A part 36 offer which did not reflect an “available outcome of the litigation” was nonetheless valid, the High Court has ruled.
Mr Justice Edwards-Stuart was ruling on a claim by the Jockey Club against developers Willmott Dixon over problems with the roof of a new grandstand at Epsom racecourse.
Mr Justice Edwards-Stuart said that “one knows from experience” that cases were “frequently settled” on the basis of an assessment of risk which combined both the risk of failure and the uncertainty as to the true value of the claim.
“An offer which is made in the light of those considerations will not usually reflect a result that is a likely outcome of the litigation if fought to judgment.”
The court heard in Jockey Club Racecourse v Willmott Dixon Construction  EWHC 167 (TCC) that the roof of the new grandstand was damaged twice by strong winds – but not exceptionally so – in 2012, with further damage the following year.
The Jockey Club made an offer to settle in January 2015, on the basis that the defendant would “accept liability to pay 95% of our client’s claim for damages to be assessed”. Willmott Dixon made no response, and the 21-day period for acceptance expired.
Edwards-Stuart J said: “This is not a case where there is any possibility of a reduction for contributory negligence. Either the defendant is liable for the full extent of the claimant’s damages, as assessed or agreed, or it is not.
“Accordingly, a decision that the defendant is to pay 95% of the claimant’s damages, as assessed or agreed, is not one that is open to the court.
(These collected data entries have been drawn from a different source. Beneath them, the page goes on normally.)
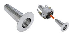◆カムロック・ホースカプラーに直接挿入できる「みつわパイ差しストレーナーKL(カムロック)シリーズ」 (株)みつわポンプ製作所 TEL 0594-76-1100 * 工業用ポンプやストレーナーなどを取り扱うみつわポンプ製作所は、ホース継手のカムロック・ホースカプラーにそのまま装着できるパイプ差し込み式ストレーナー「KL シリーズ」を1 月に販売開始した。同社ブランドの「みつわパイ差しストレ
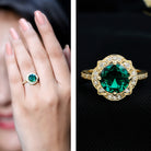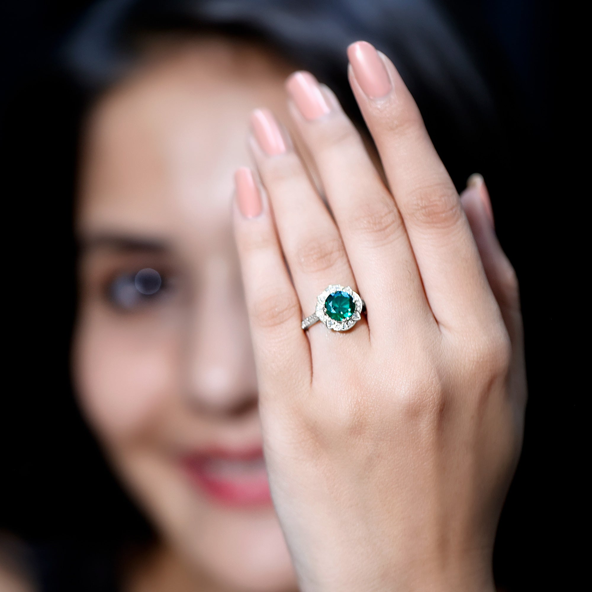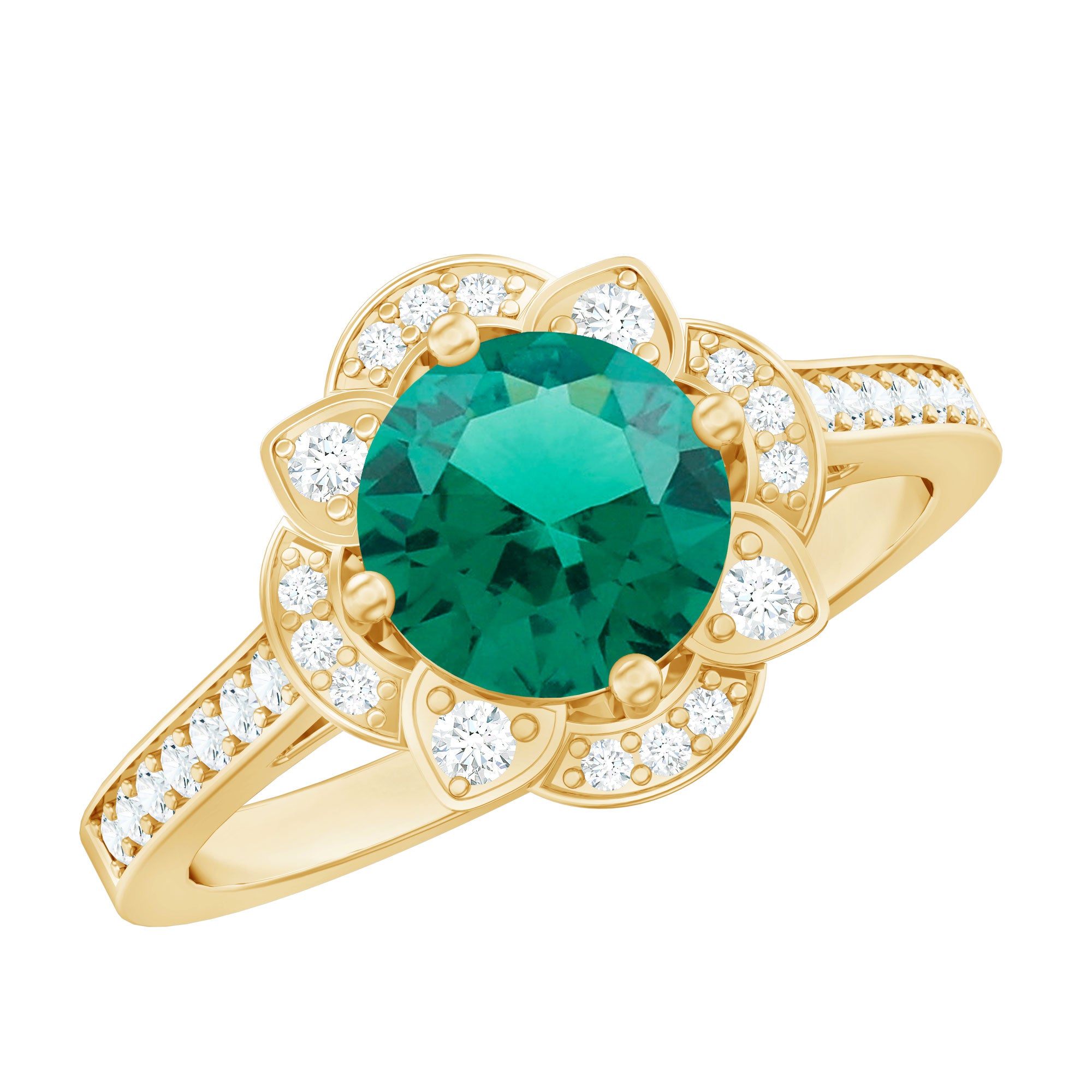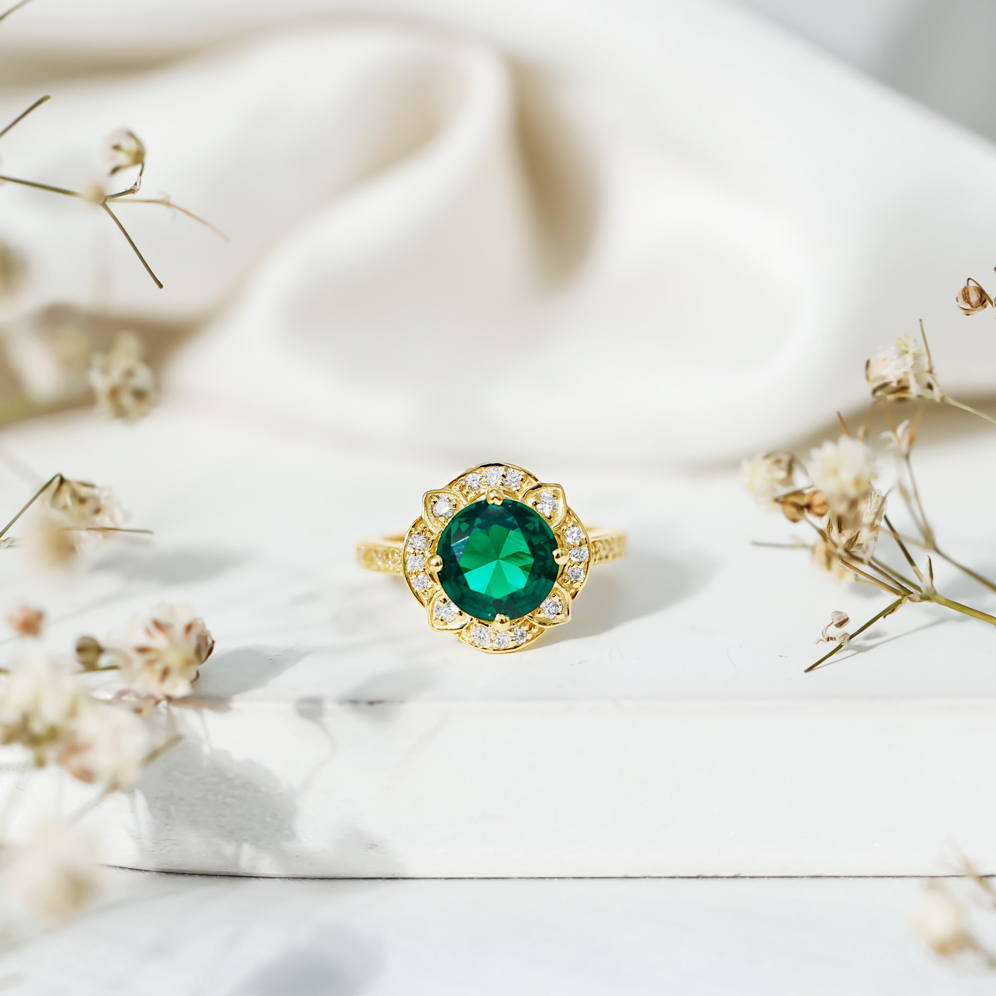 Transport yourself to a bygone era with our Lab Created Emerald Engagement Ring. The centerpiece, a captivating 8 mm Round Created Emerald, is encircled by a halo, exuding vintage charm. The intricately designed shank adds a touch of elegance and character to this timeless piece. This Emerald Diamond Ring not only symbolizes your love but also captures the allure with Aaaa Quality Emerald and Ef-Vs Quality Diamonds, making this Classic Ring a perfect choice for those who appreciate the beauty of vintage aesthetics.
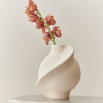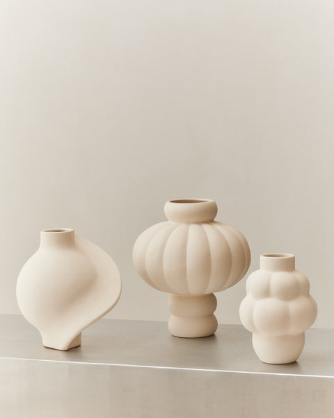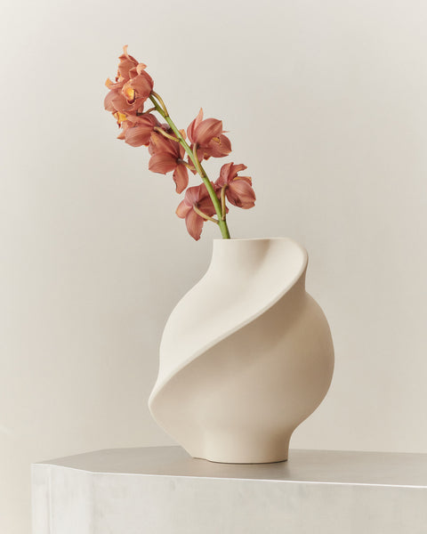 Louise Roe Pirout Vase 02 imponerer med sine myke linjer og elegante proporsjoner – et skulpturelt designobjekt som fanger oppmerksomheten både alene og med blomster. Den flytende silhuetten formidler en følelse av bevegelse, ro og raffinement.
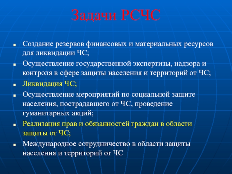 Задачи РСЧС Разработка и реализация законов и других важных документов, регулирующих вопросы защиты населения и территорий от
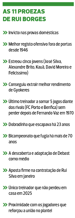Foi, por certo, uma das declarações mais marcantes de Rui Borges nestes 150 dias de leão ao peito. Recordemos: «Eu e a minha equipa técnica chegámos aqui pelo trabalho, pela resiliência. É uma equipa técnica desconhecida, não fui um grande jogador, não estudei, sou apenas o Rui Borges de Mirandela, comecei lá atrás... e isto é o culminar de um sonho.» Um desabafo durante os festejos de um bicampeonato que fugia há mais de 70 anos. Uma proeza que, diga-se em boa verdade, poucos acreditariam após a aposta num treinador inexperiente que apanhou um camião descontrolado a grande velocidade conduzido, na altura, por João Pereira.
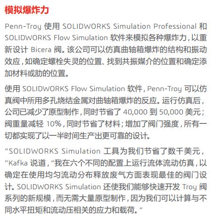 Penn-Troy Manufacturing 利用 SOLIDWORKS設(shè)計、仿真、 CFD 分析、 PDM 和技術(shù)交流解決方案來縮短設(shè)計周期、提高質(zhì)量、減少原型并擴展其專業(yè)水和防爆安全閥系列。
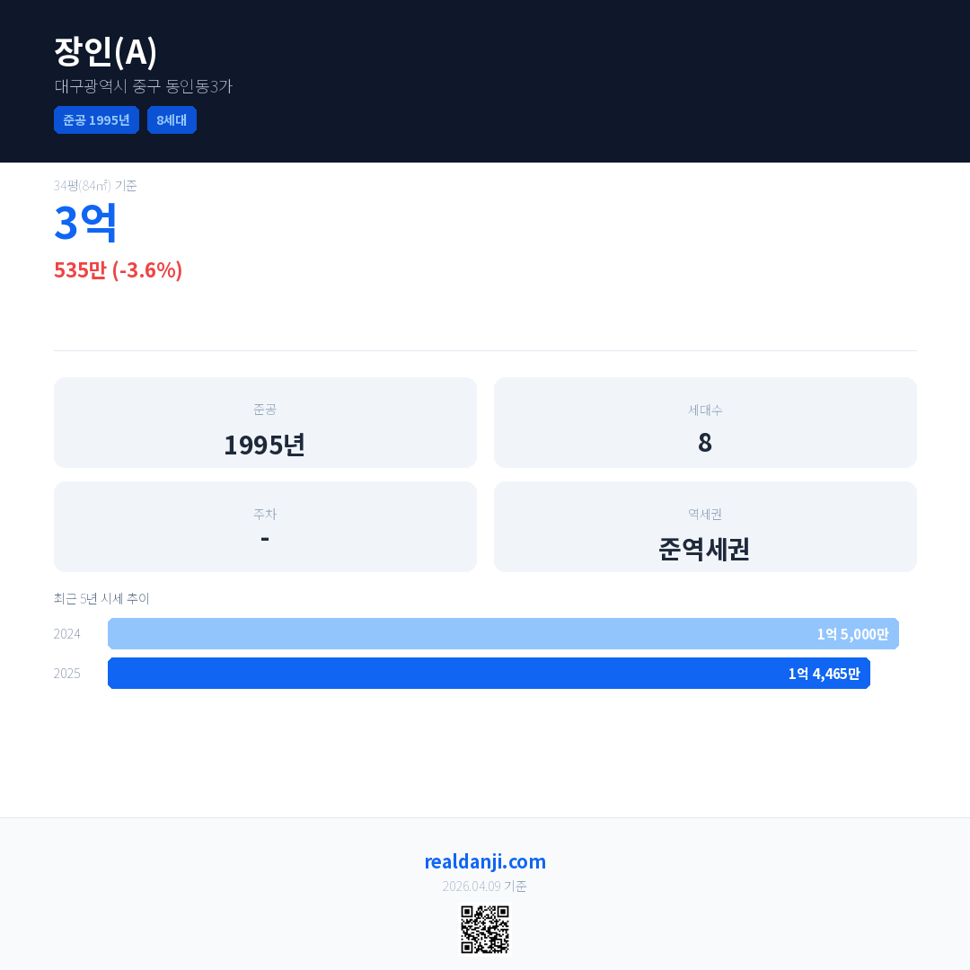 장인(A) 최근 거래가는 3억입니다. (2025-10)
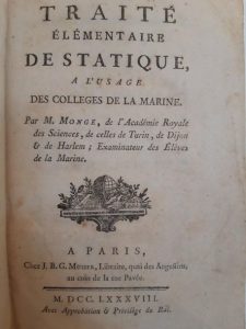 MONGE (Gaspard). Traité élémentaire de statique, à l'usage des collèges de marine. Paris, Musier, 1788. In-8, …
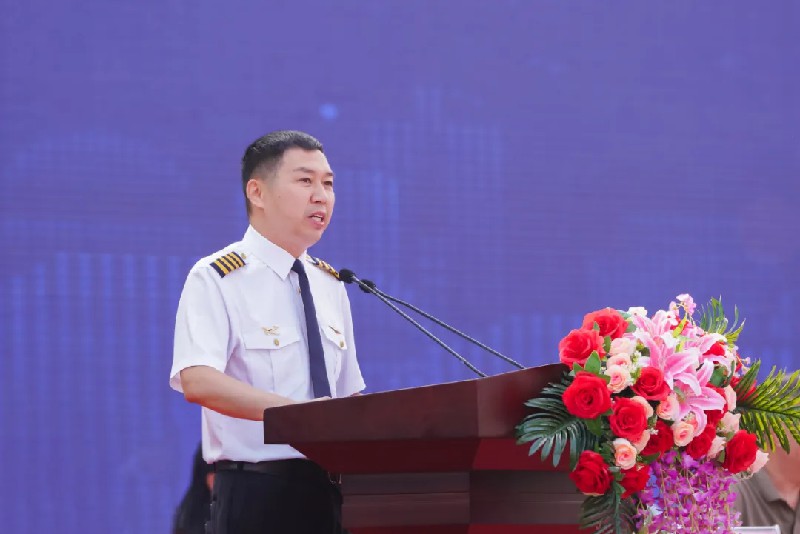 通威集团工会主席、办公室副主任王图致辞,他首先代表通威集团对学校2024年秋季开学典礼及军体素质汇报表演表示祝贺。回顾双方校企合作的丰硕成果,希望未来与学院合作进一步深化,共同培养更多民航领域优秀人才。
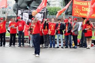 Раздав всю взятую с собой литературу комсомольцы, собрались в центре площади, громко скандируя свои требования: «Нет – развалу! Да - новому Союзу!», «Россия без Путина!», «Мединского – в отставку!», «Ленин! Партия! Комсомол!» и многие другие.
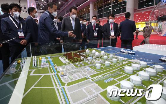 (대구=뉴스1) 오대일 기자 = 윤석열 대통령이 24일 대구 엑스코(EXCO)에서 열린 2022 세계가스총회 개회식에 참석, 한국가스공사 부스에서 LNG 저장탱크 모형을 살펴보고 있다.
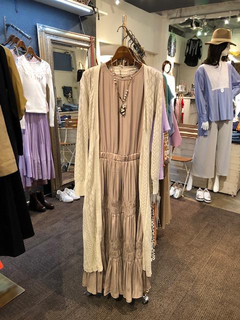 サテン2WAYワンピース💕 細かい繊細なステッチがお洒落なワンピースに透かし編みのロングカーディガンを合わせたスタイリングはいかがでしょう?💕 ワンピースのお色違いはミントグリーン💕 カーディガンのお色違いはブラックとカーキがございます😍 ワンピース 22000円 カーディガン 14000円 2020年3月27日
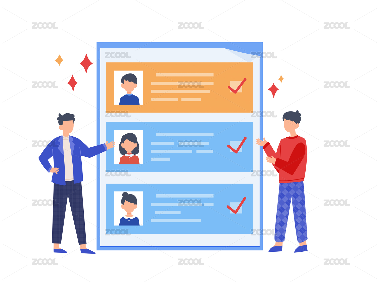 邀请问卷调查, 手绘扁平人物场景创意概念插画
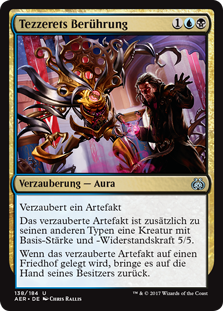 | Rules | Enchant artifact Enchanted artifact is a creature with base power and toughness 5/5 in addition to its other types. When enchanted artifact is put into a graveyard, return that card to its owner's hand. |
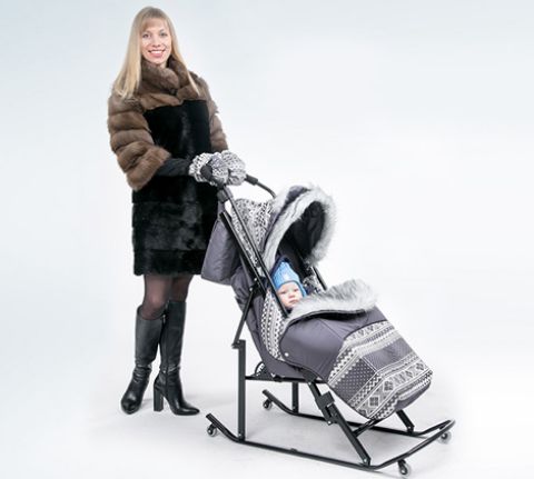 Санки-коляска представляют собой легкую металлическую конструкцию на полозьях с мягким и теплым сиденьем и карманом для ножек. Сплошное сиденье внешне напоминает обычную коляску и имеет регулируемую спинку, поэтому в него можно безопасно садить даже полугодовалого ребенка, и опускать в лежачее положение, когда малыш уснет. Над ними расположен козырек, защищающий малыша от холодного ветра и снега, а сиденье оснащено специальным ремнем безопасности.
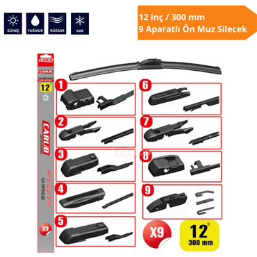 9 Aparatlı Ön Muz Silecek (12 İnç/300 mm)
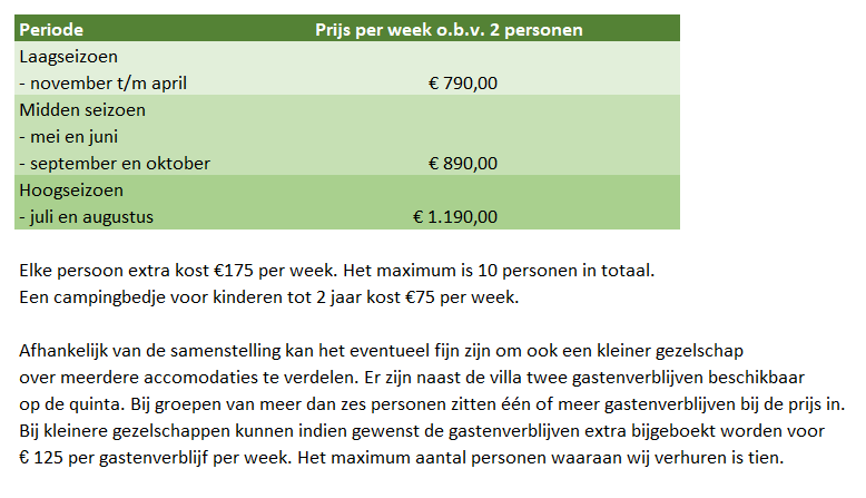 De quinta is het hele jaar te huur. Van november t/m april is het zwembad gesloten en worden de gastenverblijven niet verhuurd.
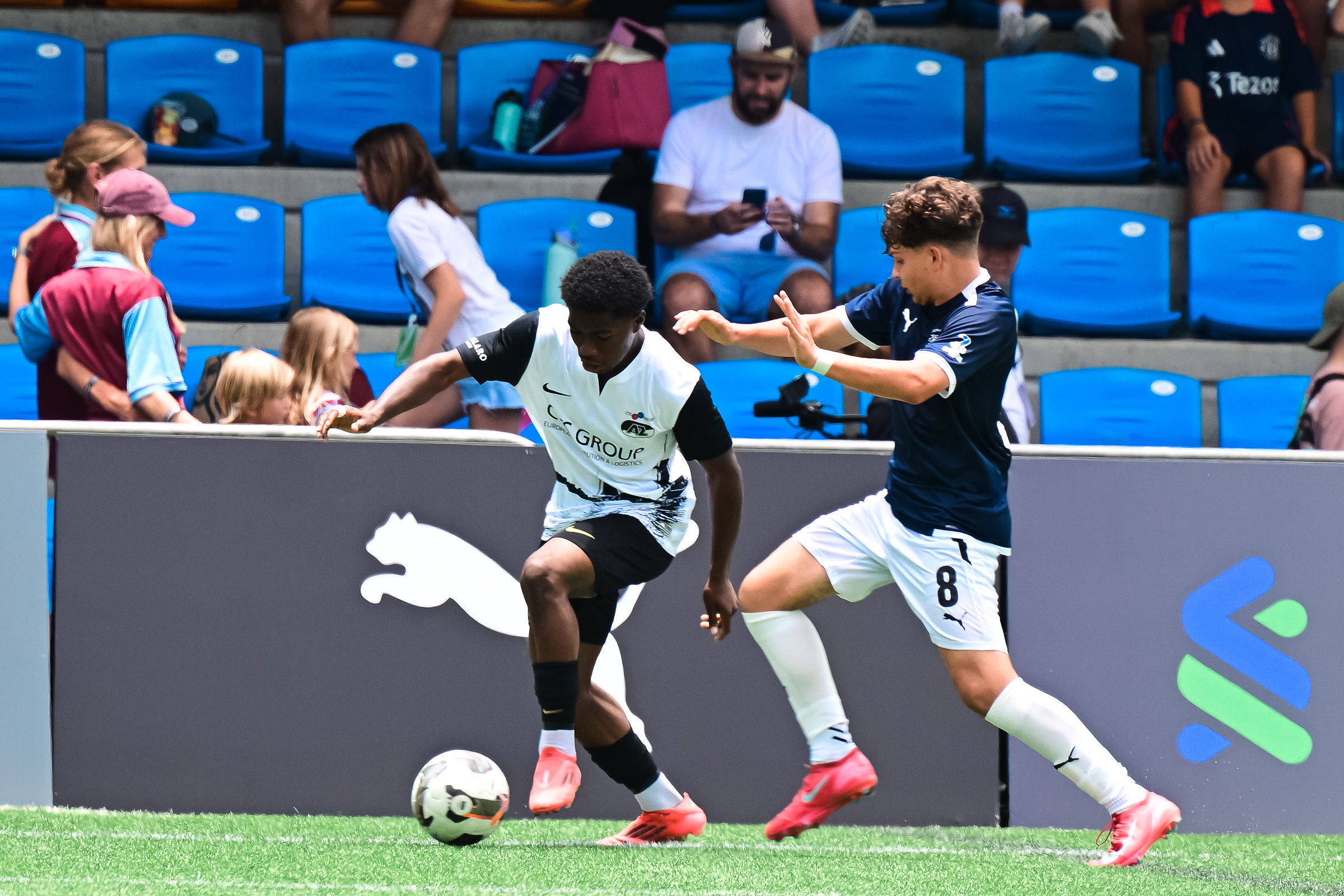 AZ bleef aanvallen en kwam dichtbij een openingstreffer via Kiani Inge. De opkomende back zag zijn schot echter rakelings naast het doel verdwijnen. Aan de andere kant van het veld viel het doelpunt wel. Spits Cai McGunnigle leek een overtreding te begaan op Esajas, maar mocht door en schoot vervolgens diagonaal raak. Deze tegentreffer resulteerde in een 0-1 nederlaag.

The offer, therefore, does not reflect a possible outcome, but is purely commercial.”
The judge said the 5% discount probably represented a reduction that the claimant was prepared to accept in order to achieve “a certain and early outcome”, but it “probably” did not matter.
“All that is, or may be, relevant is that the offer did not reflect an available outcome of the litigation.”
The defendant argued that the Jockey Club did not make a valid offer.
Referring to the ruling of Mr Justice Henderson in AB v CD  EWHC 602 (Ch), in which the judge said the concept of a settlement “must, by its very nature, involve an element of give and take”, Edwards-Stuart J said: “Although the claimant’s offer in this case was hardly generous, in my view it cannot be described as ‘all take and no give’.”
Edwards-Stuart J said he was persuaded by the authorities, including the Court of Appeal ruling in Huck v Robson  1 WLR 1340, that the Jockey Club’s offer was a valid one within the meaning of part 36 and a “genuine attempt” to settle the claim.
“Whilst the discount was very modest, even in the context of a claim of some £400,000 it amounted to £20,000, which in my view cannot be described as derisory.”
Edwards-Stuart J awarded the claimant indemnity costs, not from 21 days after the date of the offer, because the defendant had “only just been made aware for the first time that the claim against it had been increased to about £850,000”.
Instead he said the Jockey Club should be entitled to indemnity costs “from the earliest date after that by which the defendant could reasonably have put itself in a position to make an informed assessment of the strength of the claim on liability”.
Edwards-Stuart J decided that this was four months from the date of the offer, and ordered that the claimant should have costs in relation to liability on the standard basis up to 29 May 2015 and after that on an indemnity basis.